Some of you have the fortune (literally?) of donating to Family Reach with no sacrifice, and I thank everyone who have already donated with all the gratitude I can muster. You are directly and immediately making the lives of cancer patients better. There is no risk of return in your donation. What you put in can be measured in paid bills and emotional sanity.

For those of you (us) who aren’t so fortunate to often have disposable income to dispose of, who cut coupons and weigh the value of organic vs. rent at the grocery store, I ask of you this…buy a jar of peanut butter.

Eat that jar of peanut butter…the sooner the better, for all of us! Then put that jar on your counter, in a cabinet, in your car, or anywhere that allows easy access. Then put a dollar, or five, in there. Then over the coming days and weeks and months, keep adding to it. Put change and dollars and ACTUAL MONEY into that jar, not keeping a tally of how much is in it, but just letting it slowly, incrementally accumulate. Then at some point, whether periodically throughout my fundraiser or all at once towards the end, count it up and donate it to Family Reach. I think you’ll be surprised just how much of an accumulated benefit you can create a little at a time…and to think, you accumulate this with little expense and sacrifice, but the reward to the families managing cancer will be a veritable fortune, both financially and emotionally.

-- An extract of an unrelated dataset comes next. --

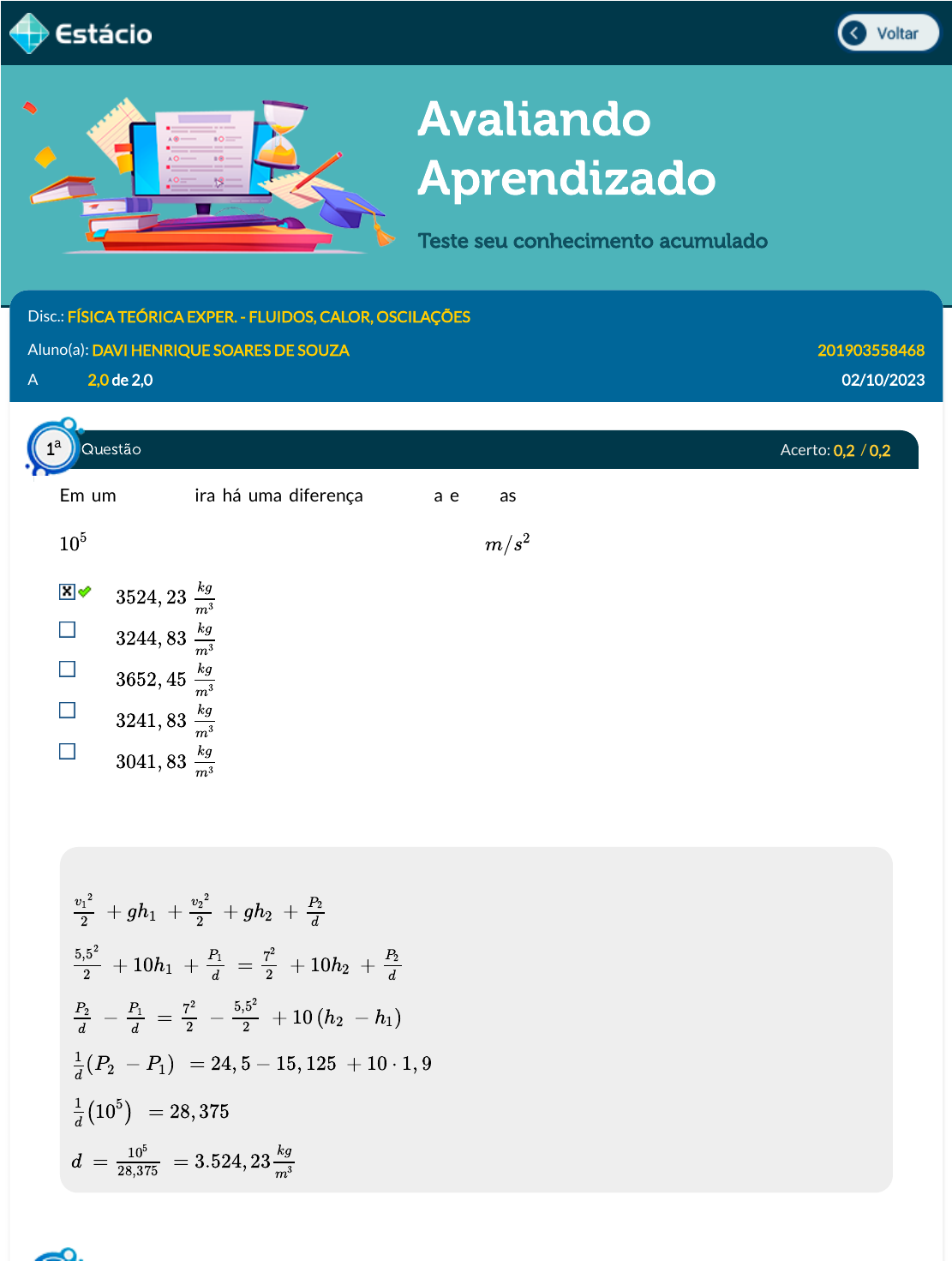 10/2/23, 12:56 PM Estácio: Alunos https://simulado.estacio.br/alunos/ 1/7 Avaliando Aprendizado Teste seu conhecimento acumulado Disc.: FÍSICA TEÓRICA EXPER. - FLUIDOS, CALOR, OSCILAÇÕES Aluno(a): DAVI HENRIQUE SOARES DE SOUZA 201903558468 Acertos: 2,0 de 2,0 02/10/2023 Acerto: 0,2 / 0,2 Em uma mangueira há uma diferença de altura entre as regiões 2 e 1 de 1,9 metros. A velocidade de entrada do líquido (na região 1) é de 5,5 m/s e a velocidade de saída é 7 m/s. Se a diferença de pressão é de Pa, a densidade do tubo é igual a: (considere g = 10 ). Respondido em 02/10/2023 12:48:45 Explicação: 105 m/s2 3524, 23 kg m3 3244, 83 kg m3 3652, 45 kg m3 3241, 83 kg m3 3041, 83 kg m3 + gh1 + + gh2 + v1 2 2 v2 2 2 P2 d + 10h1 + = + 10h2 + 5,52 2 P1 d 72 2 P2 d − = − + 10 (h2 − h1) P2 d P1 d 72 2 5,52 2 (P2 − P1) = 24, 5 − 15, 125 + 10 ⋅ 1, 9 1 d (105) = 28, 3751 d d = = 3.524, 23 105 28,375 kg m3 Questão1 a https://simulado.estacio.br/alunos/inicio.asp https://simulado.estacio.br/alunos/inicio.asp javascript:voltar(); javascript:voltar(); 10/2/23, 12:56 PM Estácio: Alunos https://simulado.estacio.br/alunos/ 2/7 Acerto: 0,2 / 0,2 Questão2 a 10/2/23, 12:56 PM Estácio: Alunos https://simulado.estacio.br/alunos/ 3/7 A função velocidade de uma onda harmônica em x = 0 é igual a: Respondido em 02/10/2023 12:49:18 Explicação: A resposta correta é: Acerto: 0,2 / 0,2 Um termômetro foi construído com escala não convencional, e a este foi atribuído o valor de -10 para a água em fusão e 10 para a água em ebulição. Assinale a alternativa que apresenta o valor que esse termômetro apontará para uma temperatura ambiente de 25 °C: 10,25 3,25 13,95 5,18 15,00 Respondido em 02/10/2023 12:49:44 Explicação: Precisamos estabelecer a equação de conversão: Isolando T, temos: Substituindo = 25: Acerto: 0,2 / 0,2 v(0, t) = A(ω − k)sen(kx + φ) v(0, t) = A(k + ω)cos(ωt + φ) v(0, t) = Acos(kx + φ) v(0, t) = Asen(ωt + φ) v(0, t) = Akcos(kx + φ) v(0, t) = A(k + ω)cos(ωt + φ) = T −10 10 − (10) TC −0 100 −0 = T −10 20 TC 100 T = + 10 20TC 100 TC T = + 10 = 15, 00 20 ⋅25 100 Questão3 a Questão4 a 10/2/23, 12:56 PM Estácio: Alunos https://simulado.estacio.br/alunos/ 4/7 Um determinado material sofre um aumento de temperatura de 100 °C, ao receber uma quantidade de energia igual a 5.789 cal. Sua capacidade térmica é igual a: Respondido em 02/10/2023 12:51:16 Explicação: A resposta correta é: Acerto: 0,2 / 0,2 Compreender o comportamento da luz nos permite entender como as imagens são formadas, pois sem interação da luz com a matéria, não há formação de imagens. Um raio de luz passa do ar atmosférico, cujo nar = 1,00, para um meio de refringência n = 1,75. A velocidade da luz nesse meio diferente do ar é igual a: Respondido em 02/10/2023 12:52:06 Explicação: O índice de refração é determinado por: Acerto: 0,2 / 0,2 Determinado cilindro possui área de seção reta cujo módulo é igual ao quadrado de 1/5 de sua altura. Se sua altura vale 4,5 m e em sua seção reta age uma força de 234 N, a pressão exercida nesta área é igual a: 305,33 Pa 85, 47 cal °C 69, 47 cal °C 57, 89 cal °C 97, 92 cal °C 779, 47 cal °C 57, 89 cal °C 1, 67 × 108m/s 1, 68 × 108m/s 1, 70 × 108m/s 1, 71 × 108m/s 1, 69 × 108m/s n = c v 1, 75 = 3×108 v v = 1, 71 × 18 Questão5 a Questão6 a 10/2/23, 12:56 PM Estácio: Alunos https://simulado.estacio.br/alunos/ 5/7 300,00 Pa 255,68 Pa 288,89 Pa 350,01 Pa Respondido em 02/10/2023 12:52:38 Explicação: Acerto: 0,2 / 0,2 Considerando um MHS, assinale a opção que representa, respectivamente, posição, velocidade e aceleração de uma onda que possui amplitude de 1,8 m e período de 2 segundos: (considere =0) Respondido em 02/10/2023 12:54:44 Explicação: A resposta correta é: Acerto: 0,2 / 0,2 A temperatura em Celsius correspondente a 0 K é igual a: -375 °C -273 °C -727 °C -781 °C A = ( h) 2 1 5 A = ⋅ (4, 5)2 1 25 A = 0, 81m2 P = F A P = = 288, 89Pa 234 0,81 φ x (t) = −1, 8cos(πt); v(t) = 1, 8π sen(πt); a(t) = −1, 8π2cos(πt) x (t) = 1, 8cos(πt); v(t) = 1, 8π sen(πt); a(t) = 1, 8π2cos(πt) x (t) = 1, 8cos(πt); v(t) = −1, 8π sen(πt); a(t) = −1, 8π2cos(πt) x (t) = −1, 8cos(πt); v(t) = −1, 8π sen(πt); a(t) = −1, 8π2cos(πt) x (t) = 1, 8cos(πt); v(t) = 1, 8π sen(πt); a(t) = −1, 8π2cos(πt) x (t) = 1, 8cos(πt); v(t) = −1, 8π sen(πt); a(t) = −1, 8π2cos(πt) Questão7 a Questão8 a 10/2/23, 12:56 PM Estácio: Alunos https://simulado.estacio.br/alunos/ 6/7 -698 °C Respondido em 02/10/2023 12:54:55 Explicação: Da equação (29), temos: Acerto: 0,2 / 0,2 Em uma transformação adiabática, temos que um gás se expande em 5 a uma pressão de 12 atm. A sua variação de energia interna é igual a: J J J J J Respondido em 02/10/2023 12:55:46 Explicação: A resposta correta é: J Acerto: 0,2 / 0,2 Compreender o comportamento da luz nos permite entender como as imagens são formadas, pois sem interação da luz com a matéria, não há formação de imagens. Um raio de luz incide em uma superfície com ângulo de 25° com a normal. Seu ângulo de re�exão é igual a: 55°. 25°. 15°. 65°. 5°. Respondido em 02/10/2023 12:55:50 Explicação: 25°. Correta TC = TK − 273 TC = 0 − 273 TC = −273 °C m3 −6, 0 × 102 −6, 0 × 105 −6, 0 × 106 −6, 0 × 104 −6, 0 × 103 −6, 0 × 106 Questão9 a Questão10 a 10/2/23, 12:56 PM Estácio: Alunos https://simulado.estacio.br/alunos/ 7/7 De acordo com a segunda lei da re�exão da luz, o ângulo formado entre o raio incidente com a reta normal à superfície re�etora é igual ao ângulo formado entre o raio re�etido com a reta normal à superfície re�etora. Desse modo, o ângulo de re�exão é igual a 25°.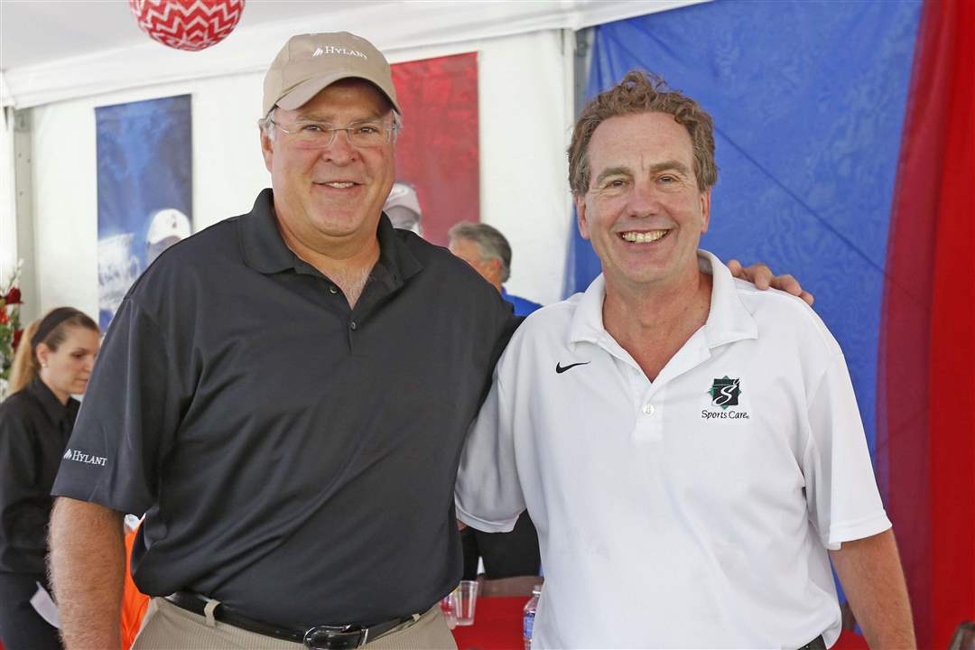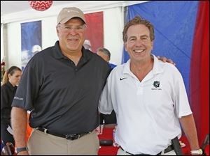 Tom Martin and Mike Hart outside the Champion's Pavilion during the Pro-AM at Highland Meadows Golf Club in Sylvania.

As a runner who loves peanut butter, understands the obstacles of cancer, and makes due financially, I assure you, the small efforts you make are in no way “junk”, but actual treasure that pay off massively when it really counts.



Run :
6 “Junk” miles

Food :
Special Magic Oatmeal
Stir Fry w/ yellow pepper, mushroom, spinach, & tempeh
Homemade oatmeal cookies
Snacks, dinner, etc. still to be eaten

Music :
This Is Hell – Black Mass


One response to “Junk Miles & Peanut Butter Jars

  1. The principle of especificity says that for to run better run is necessary…the more you run, better you will run! I would say that for run better is needed run more!